** About this task **
Would you transcribe the entries below, beginning at the line with "新版臨床檢驗(yàn)器械子目錄在一級(jí)目錄上的變化" and ending after the line with "Jeg selger spisestuebord", exactly, with no picture and nothing more?

** Data shown **
=====

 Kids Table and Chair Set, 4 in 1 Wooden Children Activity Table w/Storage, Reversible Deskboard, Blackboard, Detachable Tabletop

=====

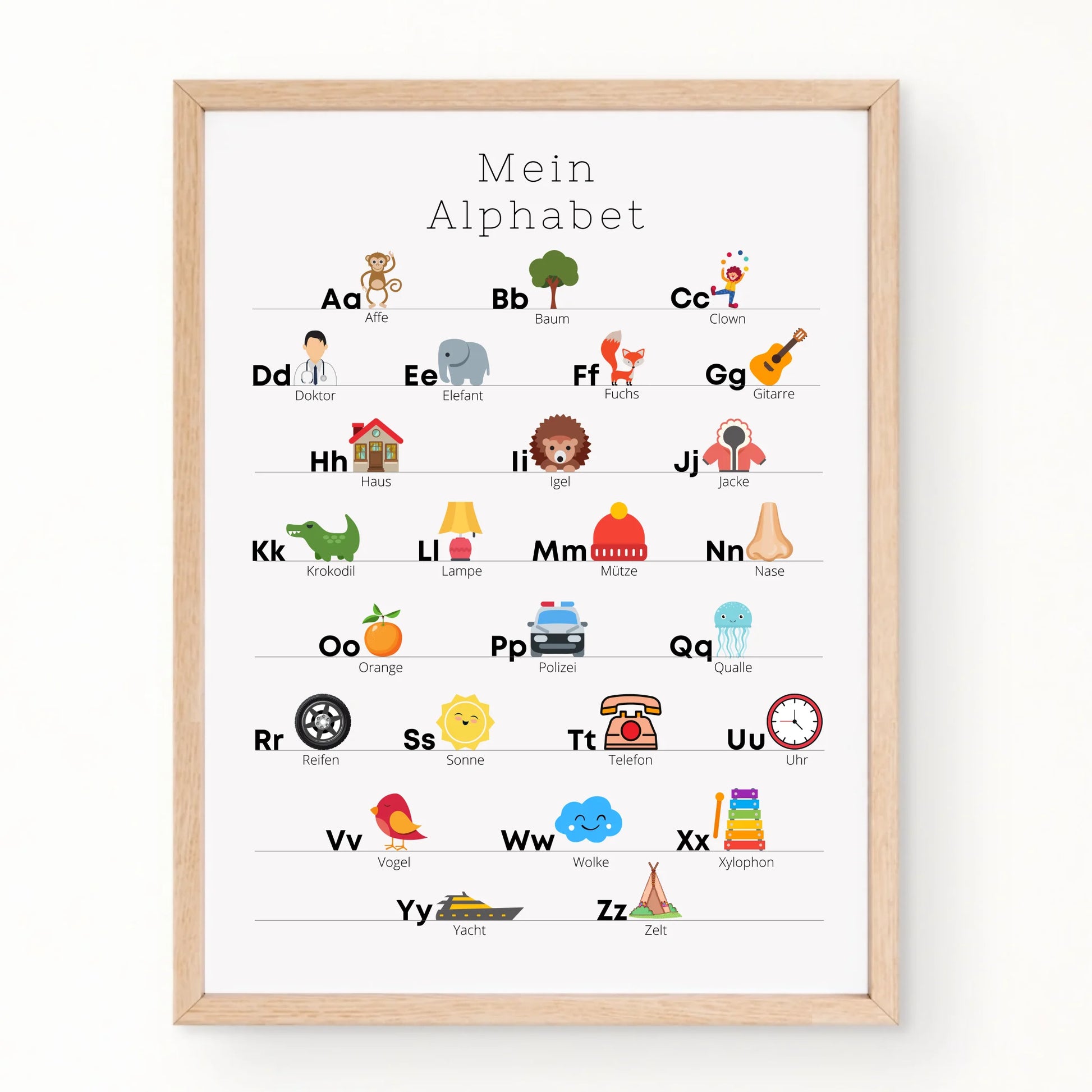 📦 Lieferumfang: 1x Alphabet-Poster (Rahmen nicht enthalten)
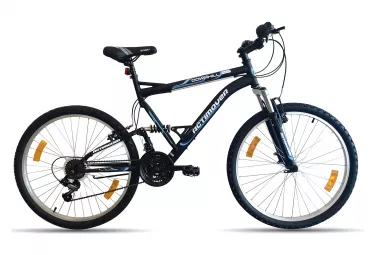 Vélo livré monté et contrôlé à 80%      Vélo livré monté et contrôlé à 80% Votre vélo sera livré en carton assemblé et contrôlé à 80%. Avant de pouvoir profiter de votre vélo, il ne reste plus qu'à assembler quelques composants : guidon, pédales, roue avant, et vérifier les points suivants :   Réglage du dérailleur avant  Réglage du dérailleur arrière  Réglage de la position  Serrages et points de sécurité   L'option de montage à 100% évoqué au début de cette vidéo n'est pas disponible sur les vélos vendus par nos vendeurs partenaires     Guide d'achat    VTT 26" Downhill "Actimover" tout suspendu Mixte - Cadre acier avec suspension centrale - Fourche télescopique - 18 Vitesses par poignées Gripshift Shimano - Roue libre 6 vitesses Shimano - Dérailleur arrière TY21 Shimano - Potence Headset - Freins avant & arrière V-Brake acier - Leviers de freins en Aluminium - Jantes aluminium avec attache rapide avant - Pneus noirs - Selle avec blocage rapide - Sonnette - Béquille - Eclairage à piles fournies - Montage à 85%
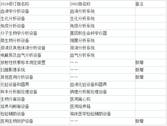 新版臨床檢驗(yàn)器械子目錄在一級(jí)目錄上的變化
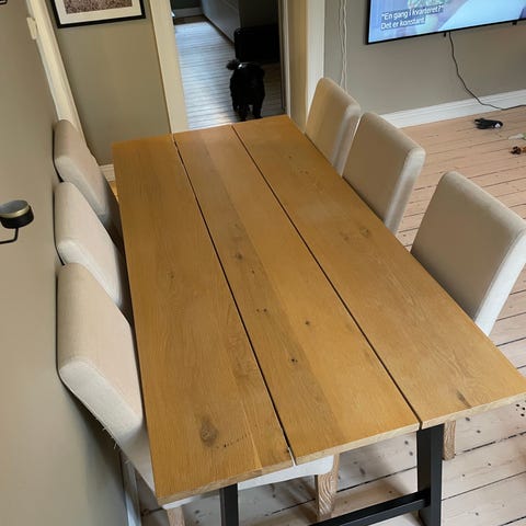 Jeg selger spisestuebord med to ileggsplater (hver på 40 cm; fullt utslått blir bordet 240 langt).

=====

** Solution for this exercise **
 新版臨床檢驗(yàn)器械子目錄在一級(jí)目錄上的變化
 Jeg selger spisestuebord med to ileggsplater (hver på 40 cm; fullt utslått blir bordet 240 langt).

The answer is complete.